Input:

========================

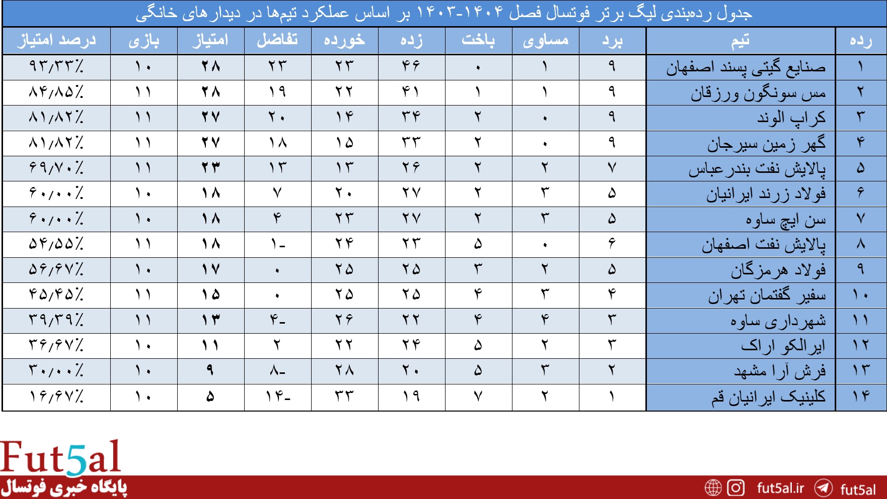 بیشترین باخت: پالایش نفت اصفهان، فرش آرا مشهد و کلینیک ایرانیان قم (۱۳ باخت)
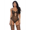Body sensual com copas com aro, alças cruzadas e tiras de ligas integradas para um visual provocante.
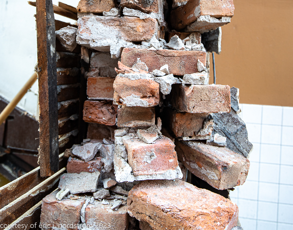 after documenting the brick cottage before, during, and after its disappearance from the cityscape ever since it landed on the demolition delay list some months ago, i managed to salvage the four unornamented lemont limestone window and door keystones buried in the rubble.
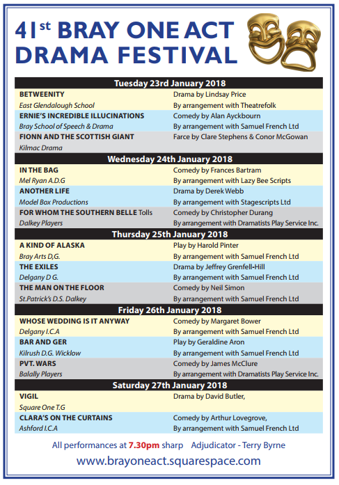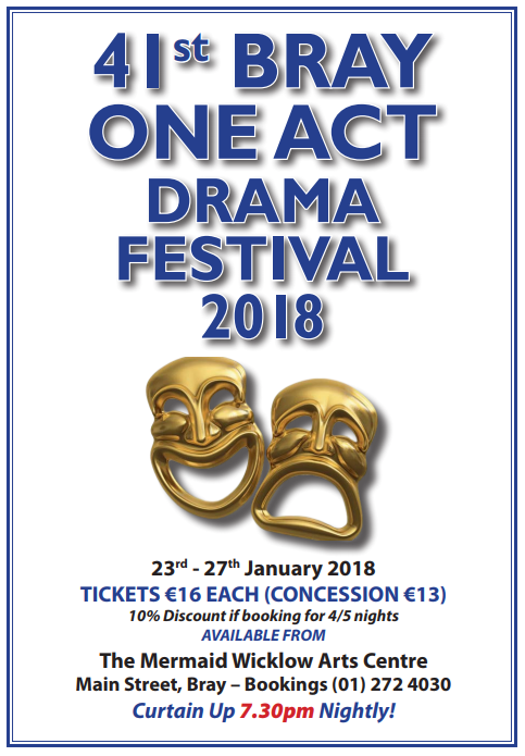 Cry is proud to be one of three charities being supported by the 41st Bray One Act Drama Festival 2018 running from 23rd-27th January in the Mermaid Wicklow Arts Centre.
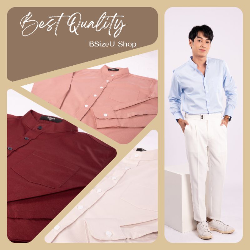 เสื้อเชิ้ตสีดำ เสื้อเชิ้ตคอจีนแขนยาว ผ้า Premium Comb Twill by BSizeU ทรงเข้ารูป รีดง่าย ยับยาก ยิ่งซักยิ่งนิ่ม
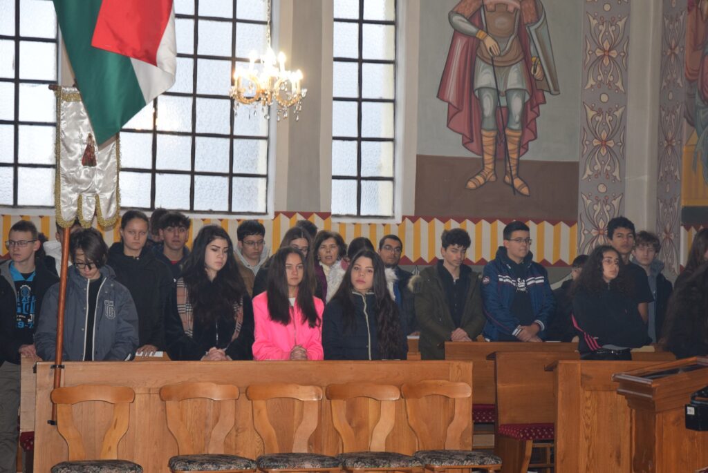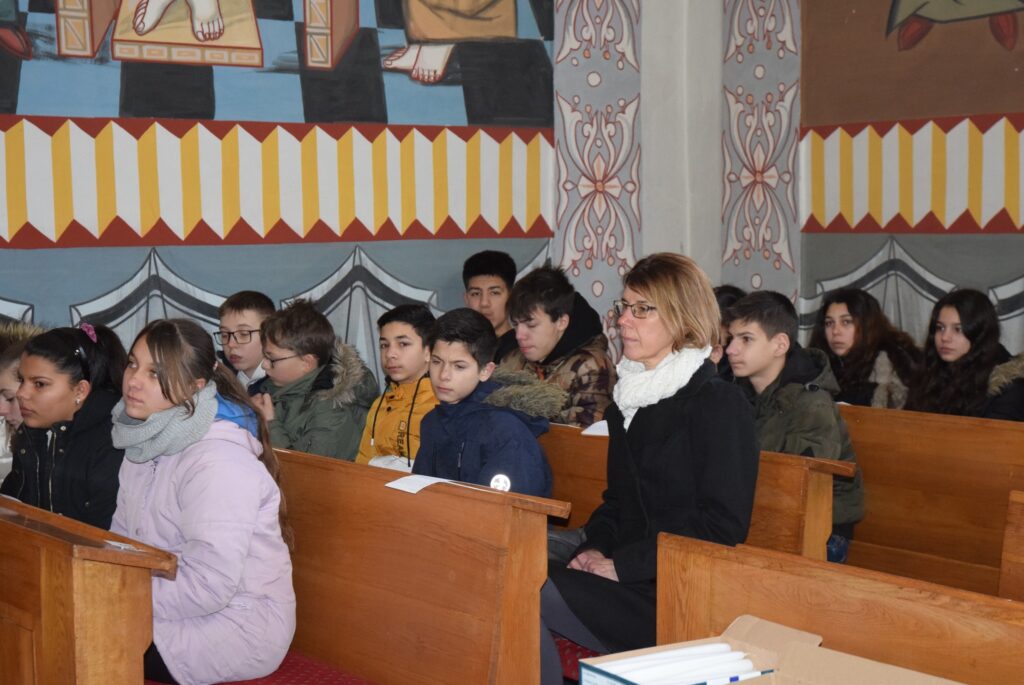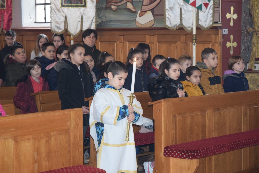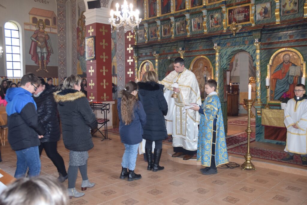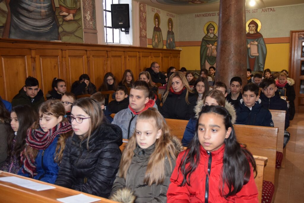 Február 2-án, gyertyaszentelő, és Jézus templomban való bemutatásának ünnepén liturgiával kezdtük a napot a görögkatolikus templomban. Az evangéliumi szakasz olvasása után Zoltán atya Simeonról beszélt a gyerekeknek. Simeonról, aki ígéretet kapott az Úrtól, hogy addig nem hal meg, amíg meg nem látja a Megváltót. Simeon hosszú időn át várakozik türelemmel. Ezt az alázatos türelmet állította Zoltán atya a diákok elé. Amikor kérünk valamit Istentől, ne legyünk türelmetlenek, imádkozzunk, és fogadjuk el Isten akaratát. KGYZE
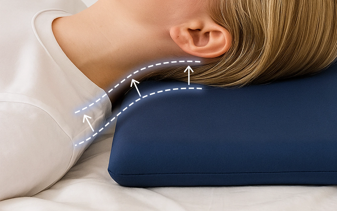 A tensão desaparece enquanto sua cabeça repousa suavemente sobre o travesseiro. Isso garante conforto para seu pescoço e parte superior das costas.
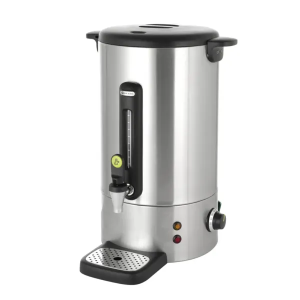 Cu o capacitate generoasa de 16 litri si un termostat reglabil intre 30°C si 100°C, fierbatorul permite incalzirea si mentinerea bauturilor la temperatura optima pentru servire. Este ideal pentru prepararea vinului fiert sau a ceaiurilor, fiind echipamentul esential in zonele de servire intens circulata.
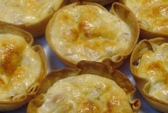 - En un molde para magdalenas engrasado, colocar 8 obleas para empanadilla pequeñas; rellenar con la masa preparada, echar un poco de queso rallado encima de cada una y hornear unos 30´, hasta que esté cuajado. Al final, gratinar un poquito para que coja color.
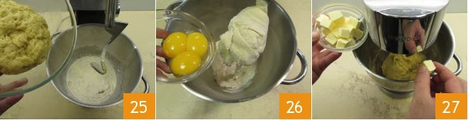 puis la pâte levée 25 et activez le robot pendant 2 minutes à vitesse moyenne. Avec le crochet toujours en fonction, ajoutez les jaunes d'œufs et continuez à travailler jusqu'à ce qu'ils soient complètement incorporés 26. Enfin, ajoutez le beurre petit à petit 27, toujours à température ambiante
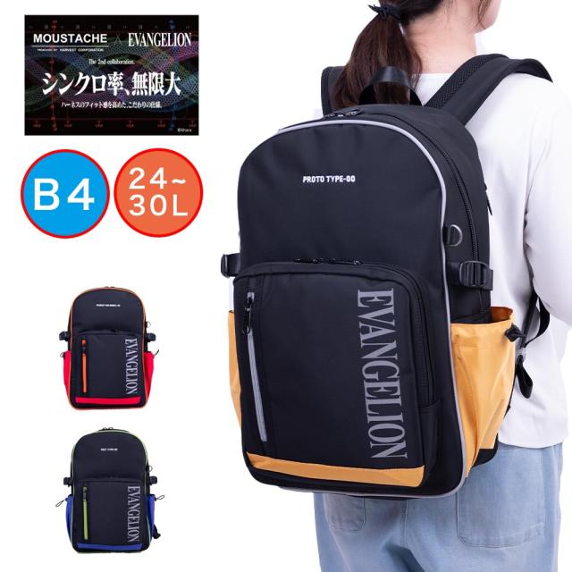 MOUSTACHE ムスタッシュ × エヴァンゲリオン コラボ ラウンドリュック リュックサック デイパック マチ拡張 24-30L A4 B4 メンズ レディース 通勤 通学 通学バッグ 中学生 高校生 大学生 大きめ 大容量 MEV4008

========================

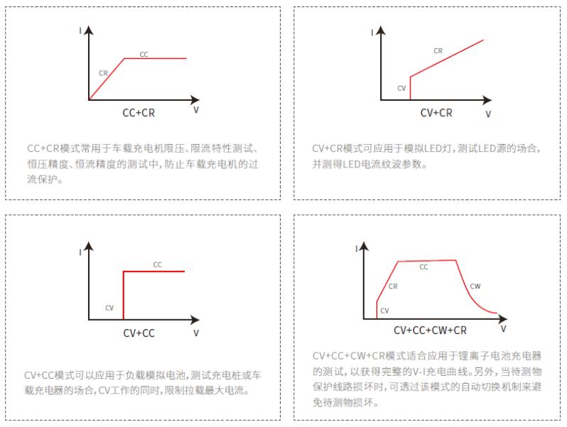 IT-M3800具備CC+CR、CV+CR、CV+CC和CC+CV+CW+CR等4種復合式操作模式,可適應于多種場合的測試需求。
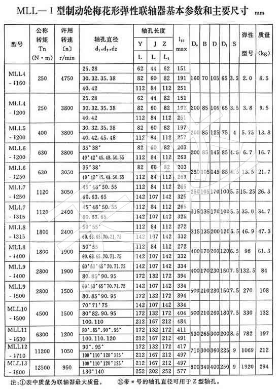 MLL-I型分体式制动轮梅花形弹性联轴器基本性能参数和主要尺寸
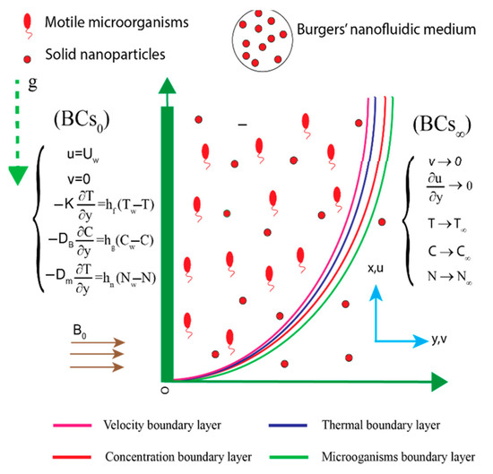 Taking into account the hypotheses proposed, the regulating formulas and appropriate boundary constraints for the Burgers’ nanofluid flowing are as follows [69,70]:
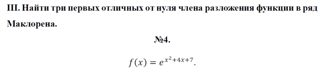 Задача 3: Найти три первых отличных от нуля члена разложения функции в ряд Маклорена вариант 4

========================

Aim of the task:
The expected output is the lines above from the one containing "بیشترین باخت: پالایش" to the one containing "เสื้อเชิ้ตสีดำ เสื้อเชิ้ตคอจีนแขนยาว ผ้า", both ends included, reproduced exactly with every picture left out.

Written answer:
 بیشترین باخت: پالایش نفت اصفهان، فرش آرا مشهد و کلینیک ایرانیان قم (۱۳ باخت)
Body sensual com copas com aro, alças cruzadas e tiras de ligas integradas para um visual provocante.
 after documenting the brick cottage before, during, and after its disappearance from the cityscape ever since it landed on the demolition delay list some months ago, i managed to salvage the four unornamented lemont limestone window and door keystones buried in the rubble.
 Cry is proud to be one of three charities being supported by the 41st Bray One Act Drama Festival 2018 running from 23rd-27th January in the Mermaid Wicklow Arts Centre.
 เสื้อเชิ้ตสีดำ เสื้อเชิ้ตคอจีนแขนยาว ผ้า Premium Comb Twill by BSizeU ทรงเข้ารูป รีดง่าย ยับยาก ยิ่งซักยิ่งนิ่ม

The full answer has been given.